Now, I will also check how many components should be retained with parallel analysis.
library(psych)
fa.parallel(mydata_PCA,
sim = FALSE,
fa = "pc")
## Parallel analysis suggests that the number of factors = NA and the number of components = 2
Again, the answer is 2, because λempirical>λtheoretical only in first 2 components.
Now, I will perform the principal component analysis, and put in number of components that I found (2).
library(FactoMineR)
components <- PCA(mydata_PCA,
ncp = 2,
scale.unit = TRUE,
graph = FALSE)
components
## **Results for the Principal Component Analysis (PCA)**
## The analysis was performed on 150 individuals, described by 6 variables
## *The results are available in the following objects:
##
## name description
## 1 "$eig" "eigenvalues"
## 2 "$var" "results for the variables"
## 3 "$var$coord" "coord. for the variables"
## 4 "$var$cor" "correlations variables - dimensions"
## 5 "$var$cos2" "cos2 for the variables"
## 6 "$var$contrib" "contributions of the variables"
## 7 "$ind" "results for the individuals"
## 8 "$ind$coord" "coord. for the individuals"
## 9 "$ind$cos2" "cos2 for the individuals"
## 10 "$ind$contrib" "contributions of the individuals"
## 11 "$call" "summary statistics"
## 12 "$call$centre" "mean of the variables"
## 13 "$call$ecart.type" "standard error of the variables"
## 14 "$call$row.w" "weights for the individuals"

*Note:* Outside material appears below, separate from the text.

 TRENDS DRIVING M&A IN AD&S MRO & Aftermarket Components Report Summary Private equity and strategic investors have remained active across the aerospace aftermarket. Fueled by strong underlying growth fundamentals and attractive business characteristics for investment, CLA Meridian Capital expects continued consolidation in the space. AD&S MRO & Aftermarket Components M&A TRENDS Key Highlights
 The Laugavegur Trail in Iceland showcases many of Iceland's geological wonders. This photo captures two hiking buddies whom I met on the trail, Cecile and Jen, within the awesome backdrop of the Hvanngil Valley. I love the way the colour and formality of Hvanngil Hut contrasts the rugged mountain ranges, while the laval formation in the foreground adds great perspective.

## 15 "$call$col.w" "weights for the variables"
components$var$cor
## Dim.1 Dim.2
## TReading 0.37661145 0.5728243
## Reading 0.02134114 0.7564329
## TListening 0.72332496 0.1267760
## Listening 0.60510406 0.2821772
## Activity 0.61530888 -0.3955668
## Participation 0.69469887 -0.3612016
Dimension 1 has positive correlation with all 6 variables, meaning that it represents inclination to usage of any type of learning.

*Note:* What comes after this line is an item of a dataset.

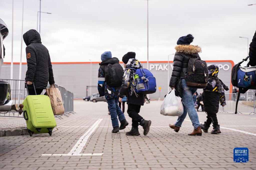 3月8日,一些乌克兰人到达波兰华沙国际会展中心的安置点。新华社发(华沙PTAK国际会展中心供图)

Moreover, from those loadings, few different things can be found out, like relationships between variables and components, calculate variance of each component, or calculate how much info is lost, by calculating and using coefficient of determination. For example, linear relationship between Listening and PC1 is positive and moderately strong.
components$var$contrib
## Dim.1 Dim.2
## TReading 7.49324861 25.575942
## Reading 0.02406127 44.599468
## TListening 27.64076062 1.252746
## Listening 19.34386358 6.206299
## Activity 20.00181756 12.196311
## Participation 25.49624836 10.169234
fviz_pca_var(components, repel = TRUE)
fviz_pca_biplot(components, repel = TRUE)
I used PC analysis and given all the tests and results, I can conclude that the variables can be summarized into two components:
PC1 represents active learning technique, which includes Activity, Participation and contains 31.5% of information.
PC2 represents passive learning technique, which includes Reading, TReading, Listening, TListening and contains 21.4% of information.
Together, they explain 53% of the variance showing how students’ evaluation of study preferences can be summarized, based on passive and active learning.